AWS-MLS-C01 & AWS CERTIFICATION | Regression Metrics (MAE, MSE, R-squared) - AWS Certified Machine Learning

4.6.1. Regression Metrics (MAE, MSE, R-squared)

First Principle: Regression metrics fundamentally quantify the accuracy of continuous numerical predictions by measuring the discrepancy between predicted and actual values, guiding model selection and tuning for quantitative forecasting.

For regression problems, where the goal is to predict a continuous numerical value, different metrics are used to evaluate how close the model's predictions are to the actual values.

Key Regression Metrics:

Mean Absolute Error (MAE):
- Formula: MAE = (1/n) * Σ|y_i - ŷ_i| (average of the absolute differences between predicted and actual values).
- Interpretation: Represents the average magnitude of the errors in a set of predictions, without considering their direction.
- Strengths: Easy to understand and interpret. Less sensitive to outliers than MSE because it doesn't square the errors.
- Weaknesses: Does not penalize large errors as much as MSE.
Mean Squared Error (MSE):
- Formula: MSE = (1/n) * Σ(y_i - ŷ_i)^2 (average of the squared differences).
- Interpretation: Measures the average of the squares of the errors.
- Strengths: Penalizes larger errors more heavily (due to squaring), which can be desirable in some contexts. Mathematically convenient for optimization (differentiable).
- Weaknesses: Sensitive to outliers. The unit of MSE is the square of the unit of the target variable, making it less intuitive to interpret.
Root Mean Squared Error (RMSE):
- Formula: RMSE = √MSE (square root of MSE).
- Interpretation: The square root of the average of squared errors. It's in the same units as the target variable, making it more interpretable than MSE.
- Strengths: Combines the benefits of MSE (penalizes large errors) with interpretability (same units as target).
- Weaknesses: Still sensitive to outliers.
R-squared (Coefficient of Determination):
- Formula: R² = 1 - (SS_res / SS_tot) (where SS_res is sum of squared residuals, SS_tot is total sum of squares).
- Interpretation: Represents the proportion of the variance in the dependent variable that is predictable from the independent variables. Ranges from 0 to 1 (or can be negative for very poor models). A higher R-squared indicates a better fit.
- Strengths: Provides a relative measure of fit, easy to interpret as a percentage of variance explained.
- Weaknesses: Can increase with the addition of more features, even if they are not truly predictive. Does not indicate bias.
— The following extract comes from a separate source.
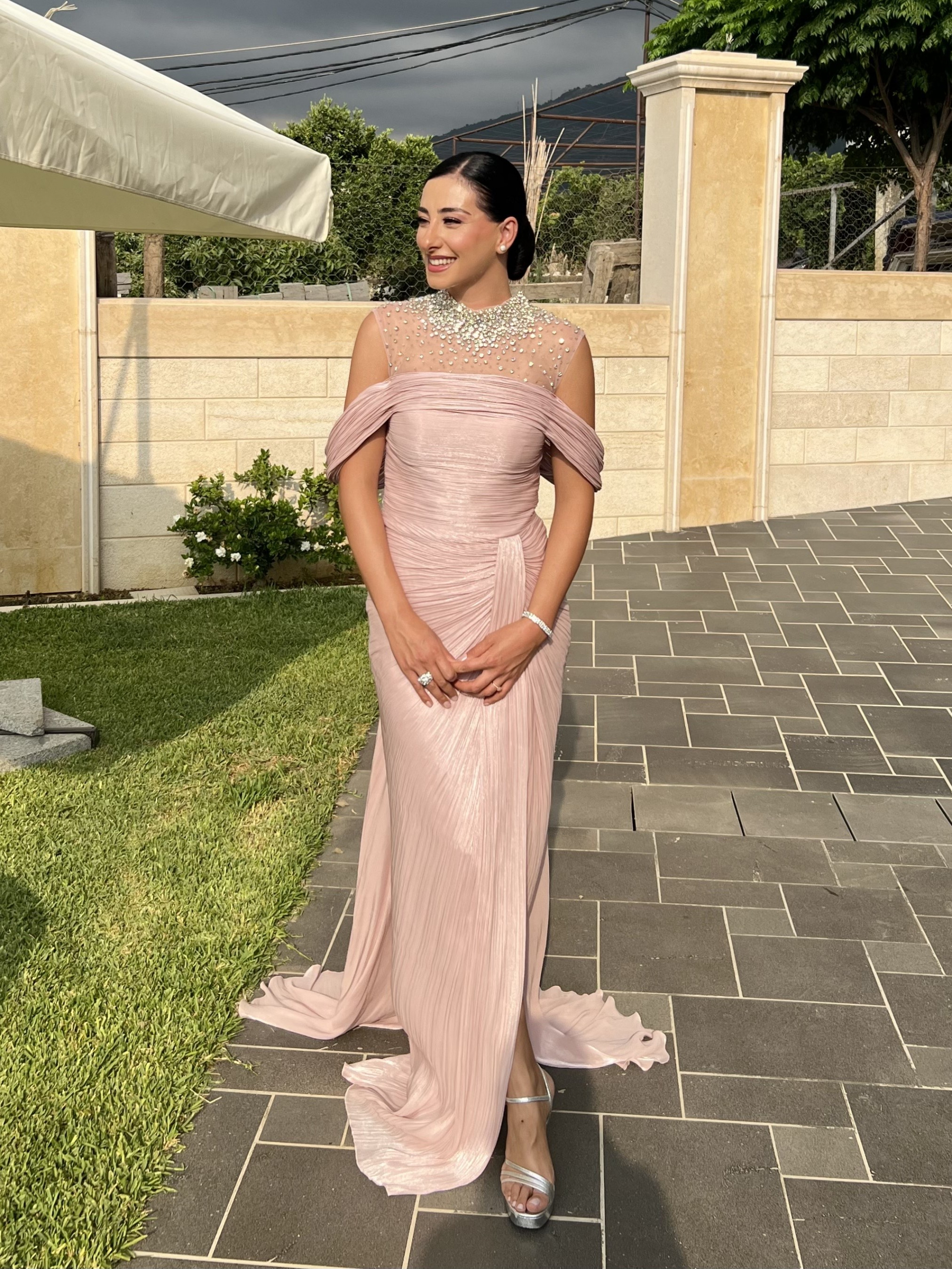 #1146 – Off shoulders pleated organza with neck strass detail in nude pink

Choosing the Right Metric:

MAE: When outliers should not heavily influence the error, or when interpretability in original units is paramount.
MSE/RMSE: When large errors are particularly undesirable and should be penalized more. RMSE is generally preferred over MSE for interpretability.
R-squared: For a general understanding of how well the model explains the variance in the target variable.

AWS Tools:

SageMaker Processing Jobs: Can be used to run custom evaluation scripts that calculate these metrics.
SageMaker Automatic Model Tuning (HPO): Allows you to specify one of these metrics (e.g., validation:rmse) as the objective to optimize.
SageMaker Model Monitor: Can track these metrics in production if ground truth data is available.
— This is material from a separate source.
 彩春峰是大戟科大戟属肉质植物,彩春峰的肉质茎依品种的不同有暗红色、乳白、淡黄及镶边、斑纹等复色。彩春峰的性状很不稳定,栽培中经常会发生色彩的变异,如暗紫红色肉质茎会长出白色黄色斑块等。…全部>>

Scenario: You have built a model to predict house prices. You need to evaluate its performance. Your stakeholders want to know the average absolute difference between predicted and actual prices, and also how much of the price variation your model explains.

Reflection Question: How do regression metrics like MAE (for average absolute error), MSE/RMSE (for penalizing larger errors), and R-squared (for explained variance) fundamentally quantify the accuracy of continuous numerical predictions, guiding model selection and tuning for quantitative forecasting?

💡 Tip: Always consider the business context when choosing a regression metric. A small RMSE might still be unacceptable if the business impact of large individual errors is high.